From: Tavi
Message: 69265
Date: 2012-04-07
Actually, I hired him as a concertino in my own orchestra. :-)> --- In cybalist@yahoogroups.com, Rick McCallister gabaroo6958@ wrote:
>
> Look at Bomhard, he takes the conzertmeister route. He trusts the
> authority of world famous linguists and lets them do a lot of the heavy
> lifting. He then picks up his baton and choreographs a Nostratic
> symphony by incorporating what he considers as complementary and
> coherent relationships. Now, he has to rely on the often glacial and
> very uneven pace of historical linguistics in various families and has
> to rewrite and rethink sections when theories are overturned, but it's a
> wise place to be if you're dealing with such vast fields of information.
>
As you can see, it was Krens (a former partner of Bomhard) who rooted "Nostratic" in the Dene-Caucasian phylum. But I'm afraid this "Proto-Nostratic" wasn't the mother tongue of a plethora of languages (like in a modern version of the diaspora of Noah's sons), but only the source of Neolithic loanwords such as Semitic 'goat', 'pig' and Kartvelian 'pig', which I derive from a root which originally designated ungulates (i.e. hoofed animals). Interestingly, this root gave 'horse' in NEC (which then passed to the paleo-IE dialect of the Steppes) and 'donkey' in Sumerian.> > Rick, did you have you read this?

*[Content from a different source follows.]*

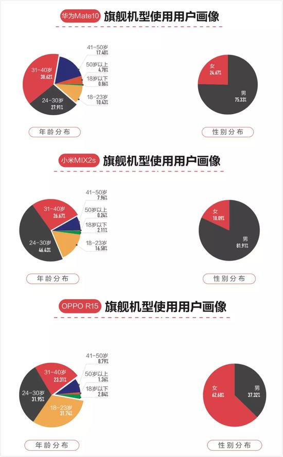 华为 Mate、小米 Max 系列针对的是年龄稍长一些的用户,要求屏幕大、续航长,诉求非常明确。华为 Mate10 用户男性占比 75%,30 岁以上用户占比在 60% 左右。这个数据比起小米 Mix2s 等机型 30 岁以上用户只有 30%、男性占比 81%,OPPO R15 30 岁以上用户占比只有 24%、女性用户超过 60% 来说,呈现了非常鲜明的特点。
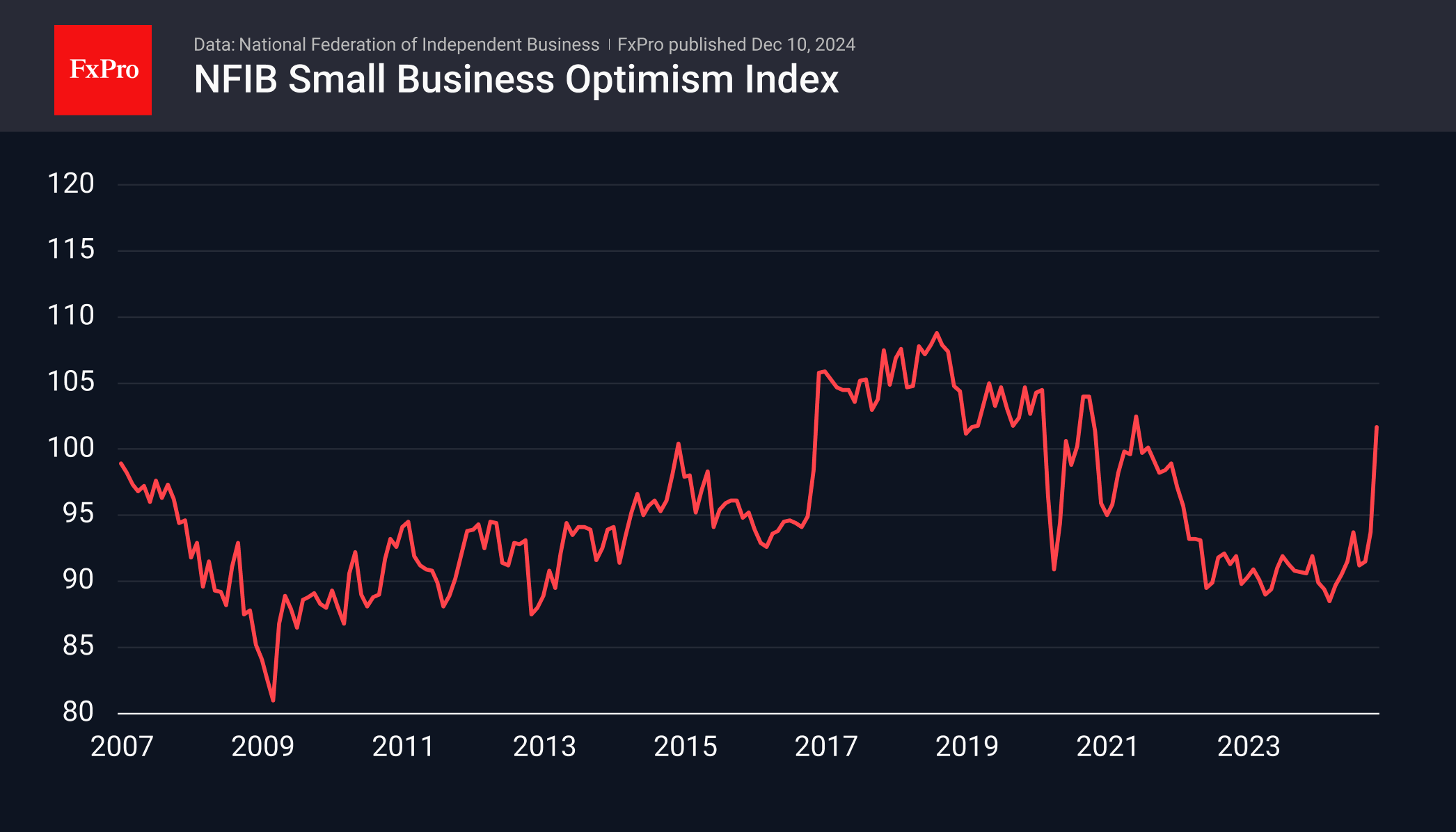 自 11 月大选以来,小企业变得更加乐观,小企业乐观指数上升了8个百分点就证明了这一点。 2016 年唐纳德·特朗普获胜后也出现了类似的飞跃。

> > http://vasco-caucasian.blogspot.com/2011/11/indo-european-horses.html
>
The IE words for 'male goat' (Latin caper) and 'boar' (Latin aper), not derived from traditional PIE due to irregular sound correspondences, stem from the autochthonous European Neolithic, from where they were exported to Semitic: Arabic Gafr-, Gufr- 'young of chamois or goat', ?\ifr-, ?\ufr- 'pig, boar, piglet'.